= Dead on arrival =

Person who died before professionals saw them

Dead on arrival (DOA) indicates that a patient is unsalvageable, i.e. cannot be resuscitated, upon arrival at a medical facility or the arrival of paramedics at the scene. Dead in the field, brought in dead (BID), and dead right there (DRT) are terms which similarly indicate that a patient was found to be already clinically dead upon the arrival of professional medical assistance, often in the form of first responders such as emergency medical technicians, paramedics, firefighters, or police.

In some jurisdictions, first responders must consult verbally with a physician before officially pronouncing a patient deceased, but once cardiopulmonary resuscitation (CPR) is initiated, it must be continued until a physician can pronounce the patient dead.

==Medical DOA==
When presented with a patient, medical professionals are required to perform cardiopulmonary resuscitation (CPR) unless specific conditions are met that allow them to pronounce the patient as deceased. In most places, these are examples of such criteria:
- Injuries that are incompatible with life. These include but are not necessarily limited to decapitation, catastrophic brain trauma, incineration, gross dismemberment, or injuries that do not permit effective administration of CPR. If a patient has sustained such injuries, it should be intuitively obvious that the patient is non-viable.
- Rigor mortis, indicating that the patient has been dead for at least a few hours. Rigor mortis can sometimes be difficult to determine, so it is often reported along with other determining factors.
- Obvious decomposition
- Livor mortis (lividity), indicating that the body has been pulseless and in the same position long enough for blood to sink and collect within the body, creating purplish discolorations at the lowest points of the body (with respect to gravity)
- Stillbirth. If it can be determined without a doubt that an infant died prior to birth, as indicated by skin blisters, an unusually soft head, and an extremely offensive odor, resuscitation should not be attempted. If there is even the slightest hope that the infant is viable, CPR should be initiated; some jurisdictions maintain that life-saving efforts should be attempted on all infants to assure parents that all possible actions were performed to save their child, futile as the medical professionals may have known them to be.
- Identification of valid do not resuscitate orders

This list may not be a comprehensive picture of medical practice in all jurisdictions or conditions. For example, it may not represent the standard of care for patients with terminal diseases such as advanced cancer. In addition, jurisdictions such as Texas permit withdrawal of medical care from patients who are deemed unlikely to recover.

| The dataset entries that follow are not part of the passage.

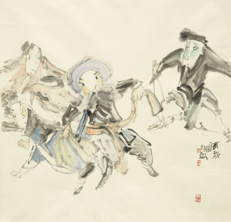 ??? 中國(guó)傳統(tǒng)繪畫語(yǔ)境中的“用筆”強(qiáng)調(diào)“用”的人、“用”的過(guò)程、“用”的方式。三位一體才能生發(fā)出具有文脈價(jià)值的“用筆”二字。這在西方是沒(méi)有的,因?yàn)樗臀鞣剿f(shuō)的“筆觸”完全不同。筆桿細(xì)長(zhǎng)、筆頭層次分明的毛筆作為中國(guó)傳統(tǒng)的書寫與繪畫工具,在一定程度上決定了畫家要充分利用毛筆的“尖”、“腹”、“根”以及筆頭的彈性,有效地控制筆頭攪轉(zhuǎn)并采取“按、摁、扭、轉(zhuǎn)”在宣紙上形成不同的點(diǎn)、線,進(jìn)而組成畫面內(nèi)容。畫家通過(guò)中、側(cè)鋒之運(yùn)筆,畫出“象物”的線條,且不談?dòng)霉P畫出的線條的形體,這些線條的組織與書寫、穿插與速度均可以折射其畫家喜怒哀樂(lè)及其對(duì)事間萬(wàn)物的理解與詮釋。并且隨著中國(guó)畫的發(fā)展,歷代畫家對(duì)于筆、墨、水之間的不斷試驗(yàn),將“線條”的可能性發(fā)揮到最大。以至于梁楷之簡(jiǎn)筆畫中,寥寥幾筆便真意、生氣盡顯!正可謂“真畫一劃,見(jiàn)其生氣。(張彥遠(yuǎn)《論顧陸張吳用筆》)”雖說(shuō)在這類作品中,墨色占據(jù)畫面絕大部分,但在筆與墨的關(guān)系中,筆實(shí)則起主導(dǎo),墨隨筆出。
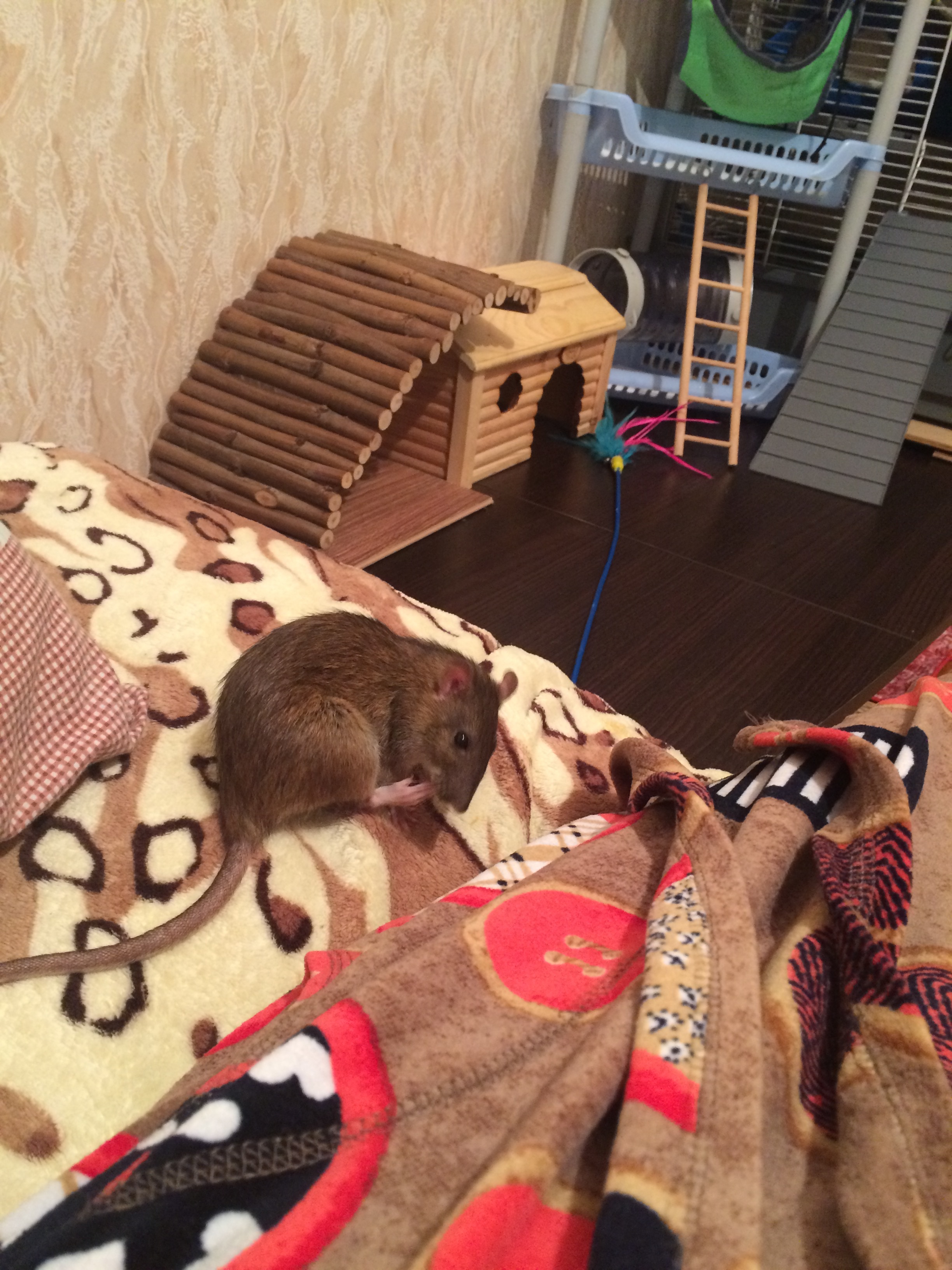 Сегодня с утра чуть инфаркт не получила: встала с кровати, а эта засранка возьми да и прыгни сзади на меня. Я её и не видела даже. А она промахнулась и вместо того, чтобы попасть на меня, оказалась на полу. И тут же нырнула под кровать. Ну, думаю, все, хана воскресному дню. Придётся до вечера моё пугливое Счастье оттуда выманивать. Позвала её, ни на что особо не надеясь. А эта невероятная крыса вдруг метнулась из под кровати к моим ногам и мгновенно вскарабкалась на меня. И как ни в чем не бывало начала мне щеку вылизывать! Я была в шоке и очень рада тому, что она наконец начала полностью мне доверять.
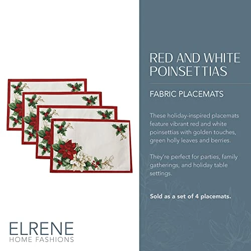 - ELEGANT CHRISTMAS TABLE SETTINGS: Gather and make memories with these beautiful placemats. Our festive table mats feature a classic Christmas design with red and white poinsettias.
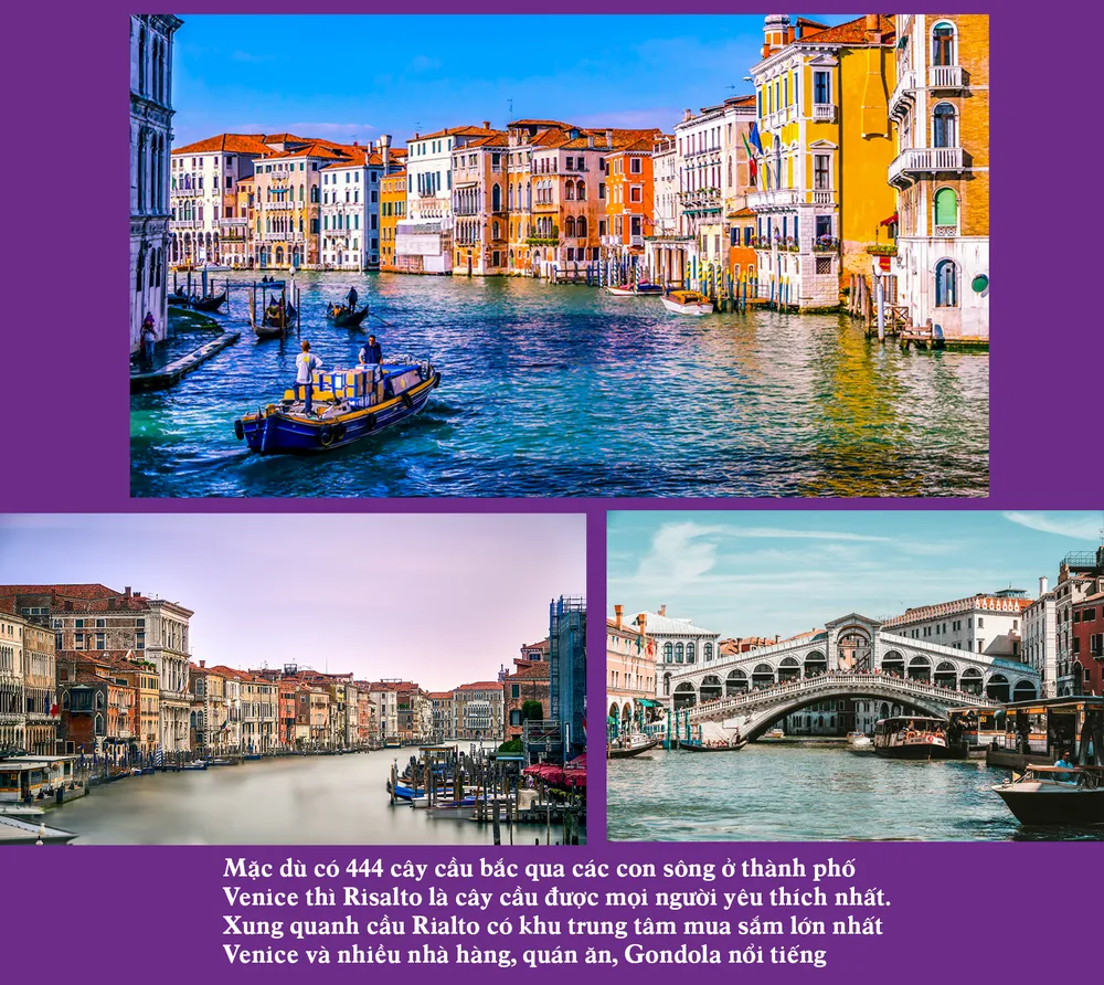 Cầu Rialto: Là địa danh nổi tiếng của Venice, cầu Rialto là một điểm giao cắt quan trọng của kênh đào. Cây cầu có hình dáng giống như chữ V ngược với dãy cuốn và thành cao bằng đá cẩm thạch độc đáo. Xung quanh cầu Rialto có khu trung tâm mua sắm lớn nhất Venice và nhiều nhà hàng, quán ăn, Gondola nổi tiếng. Mặc dù trong 444 cây cầu bắc qua các con sông ở thành phố Venice thì Risalto là cây cầu được mọi người yêu thích nhất.
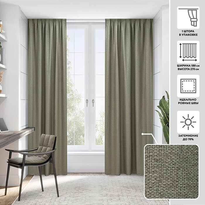 Портьера блэкаут МИРТЕК РОГОЖКА 180х270 1 шт
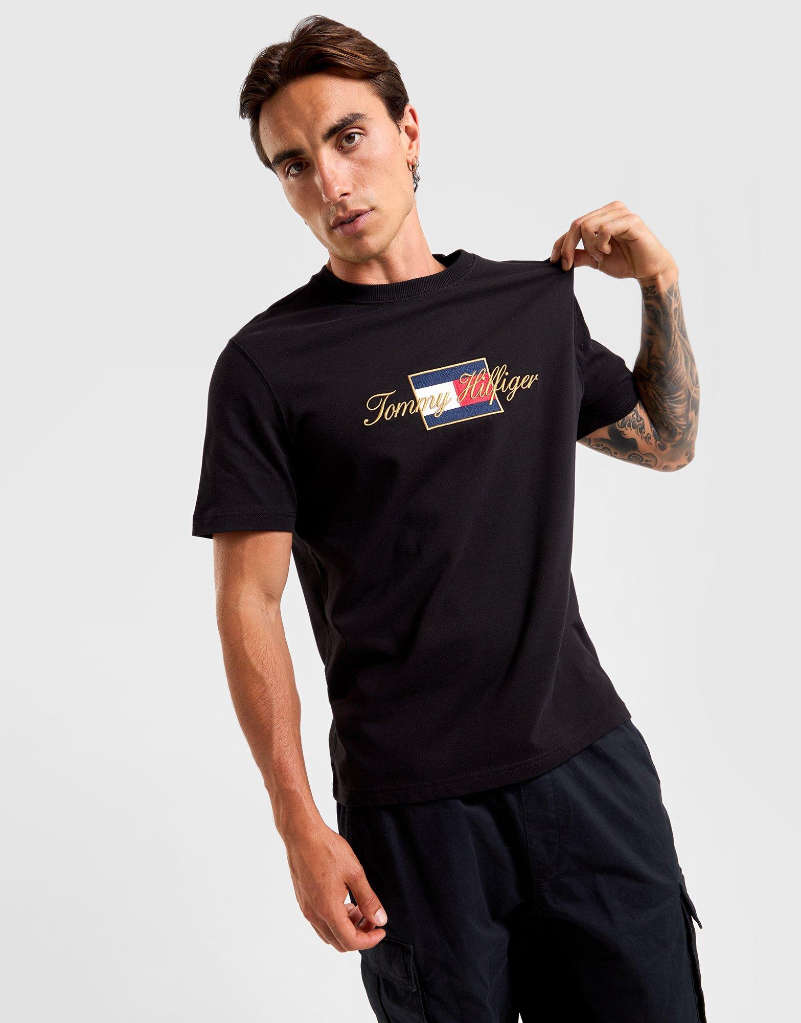 This men’s Tommy Hilfiger Icon Gold T‑Shirt in black is a bold, high-brand streetwear tee. Crafted from cotton-blend fabric, it features a standard fit for relaxed comfort. Short sleeves and premium branding make it perfect for casual layering or standout outfits.
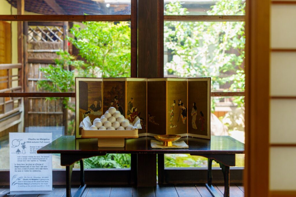 中秋の名月で、月見だんごの飾りがありました。海外の方にも人気の様で、しっかり英語で説明がございました。素晴らしい。
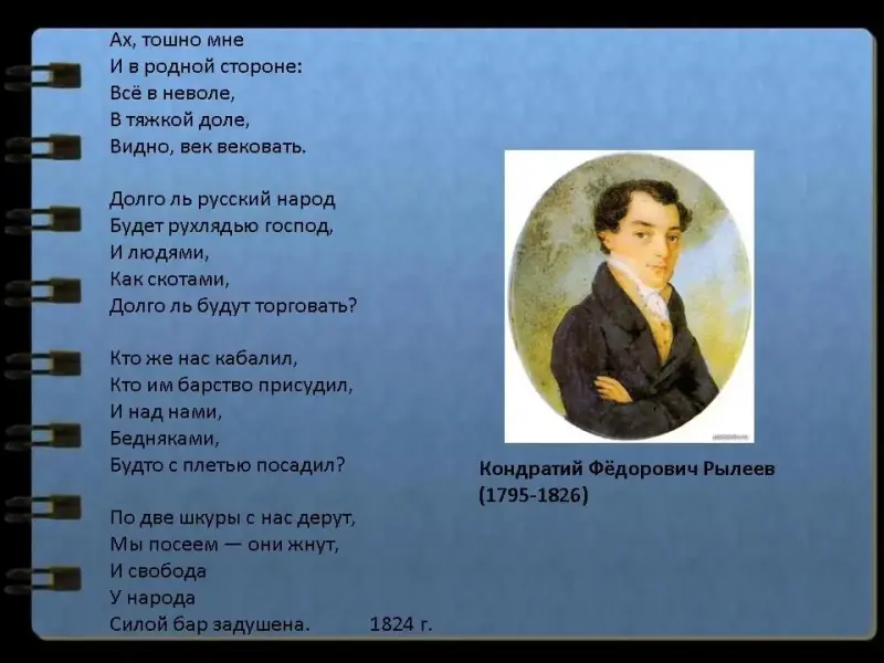 Учитель читает отрывок из стихотворения К.Ф.Рылеева (Слайд 2.):
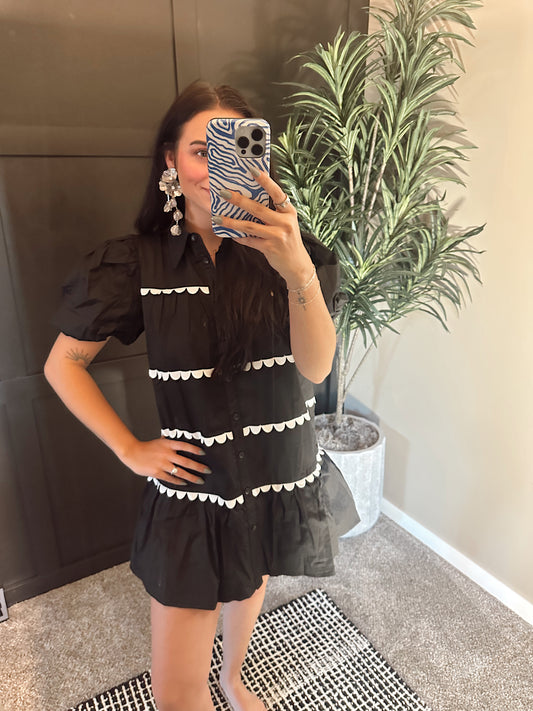 Sarah Scallop Detail Button Up Dress: Black

Regardless of the patient, a pronouncement of death must always be made with absolute certainty and only after it has been determined that the patient is not a candidate for resuscitation. This type of decision is rather sensitive and can be difficult to make.

Legal definitions of death vary from place to place; for example, irreversible brain-stem death, prolonged clinical death, etc.

==Colloquial use==
- When, as with computers, product complexity is high and diagnostics are involved, the medical metaphor is perhaps appropriate, as complex diagnostics might be required to determine if the product "is really dead".
- This term is also commonly applied to consumer electronics or other products that are defective straight out of the box, meaning they don't function properly from the moment they're unpacked or turned on for the first time.
- In another context, "dead on arrival" may be used to describe an idea, concept, or product that is considered to be fundamentally flawed, and therefore viewed as an utter failure from the start.
- In politics, the term is often used to describe incumbent politicians who are believed to have little or no chance of re-election.